SOURCE DATA: Begin
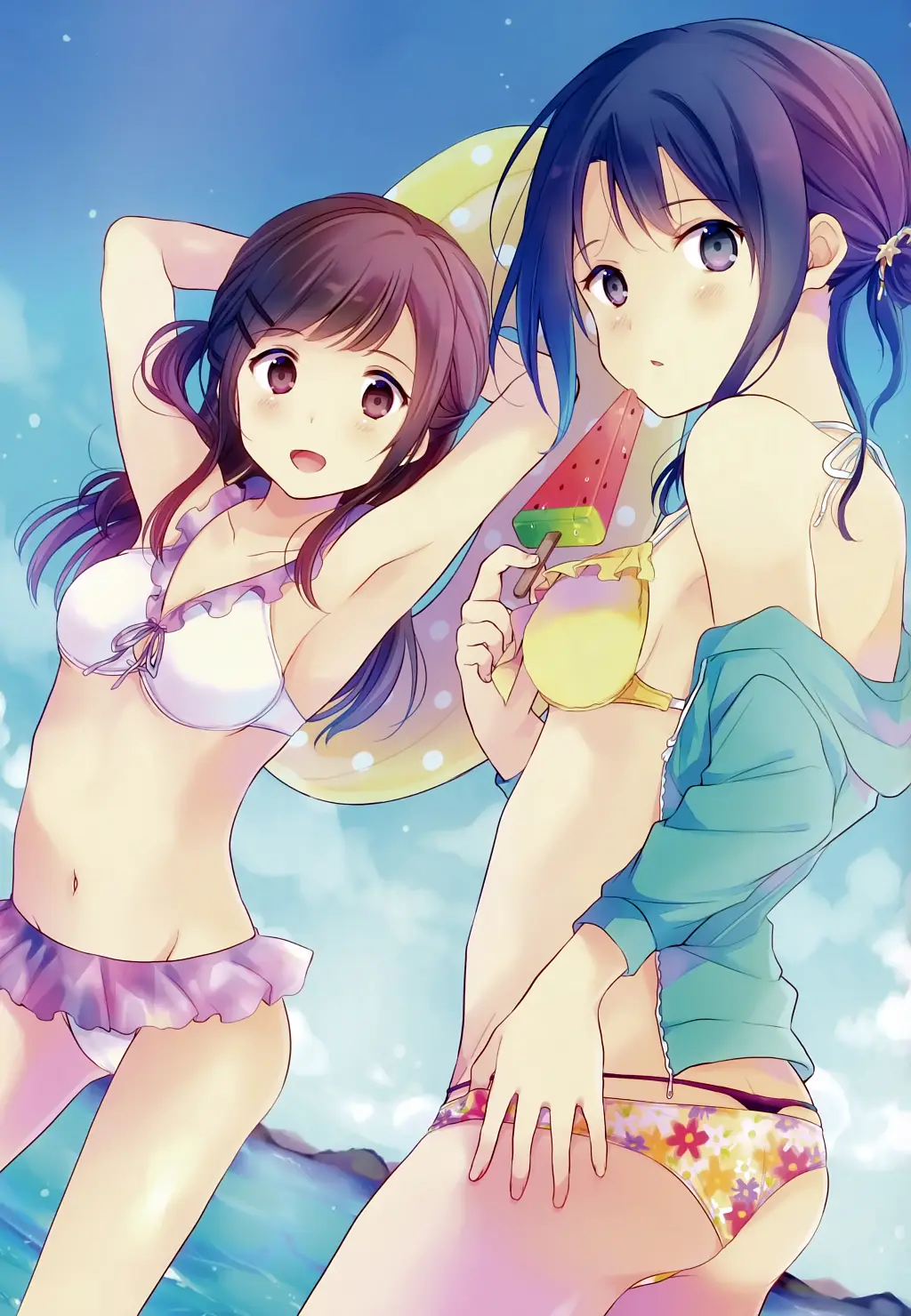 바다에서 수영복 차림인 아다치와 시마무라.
SOURCE DATA: End
SOURCE DATA: Begin
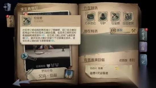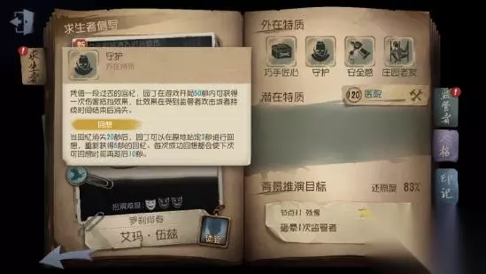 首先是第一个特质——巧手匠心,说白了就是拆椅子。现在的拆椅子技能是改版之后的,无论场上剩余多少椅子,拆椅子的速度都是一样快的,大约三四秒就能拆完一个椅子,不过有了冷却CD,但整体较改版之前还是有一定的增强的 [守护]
SOURCE DATA: End
SOURCE DATA: Begin
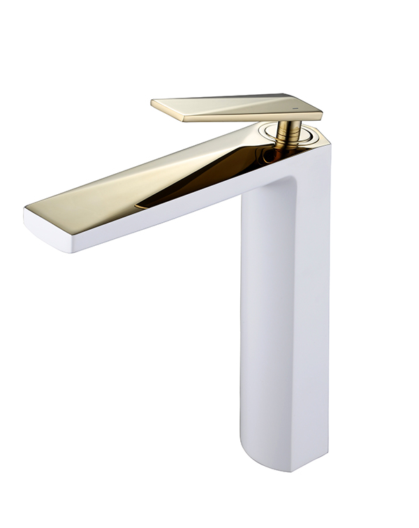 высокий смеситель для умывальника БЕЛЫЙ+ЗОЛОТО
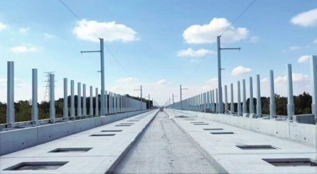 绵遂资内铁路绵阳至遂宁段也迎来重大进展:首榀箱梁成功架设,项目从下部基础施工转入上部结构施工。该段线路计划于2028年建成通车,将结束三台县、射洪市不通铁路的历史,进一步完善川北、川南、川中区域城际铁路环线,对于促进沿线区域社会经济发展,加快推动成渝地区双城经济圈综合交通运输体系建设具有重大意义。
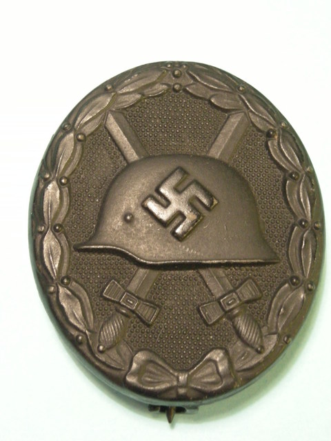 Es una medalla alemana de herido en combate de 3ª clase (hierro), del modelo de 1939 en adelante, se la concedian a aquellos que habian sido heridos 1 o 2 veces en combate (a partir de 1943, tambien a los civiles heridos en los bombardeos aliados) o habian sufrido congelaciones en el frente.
SOURCE DATA: End
◆ ACTIVITY
Above are entries with pictures among them. Write out exactly the lines from the one containing "высокий смеситель для" through the one containing "绵遂资内铁路绵阳至遂宁段也迎", ends included, and leave those pictures out.

◆ SOLUTION FOR THIS PROBLEM
 высокий смеситель для умывальника БЕЛЫЙ+ЗОЛОТО
 绵遂资内铁路绵阳至遂宁段也迎来重大进展:首榀箱梁成功架设,项目从下部基础施工转入上部结构施工。该段线路计划于2028年建成通车,将结束三台县、射洪市不通铁路的历史,进一步完善川北、川南、川中区域城际铁路环线,对于促进沿线区域社会经济发展,加快推动成渝地区双城经济圈综合交通运输体系建设具有重大意义。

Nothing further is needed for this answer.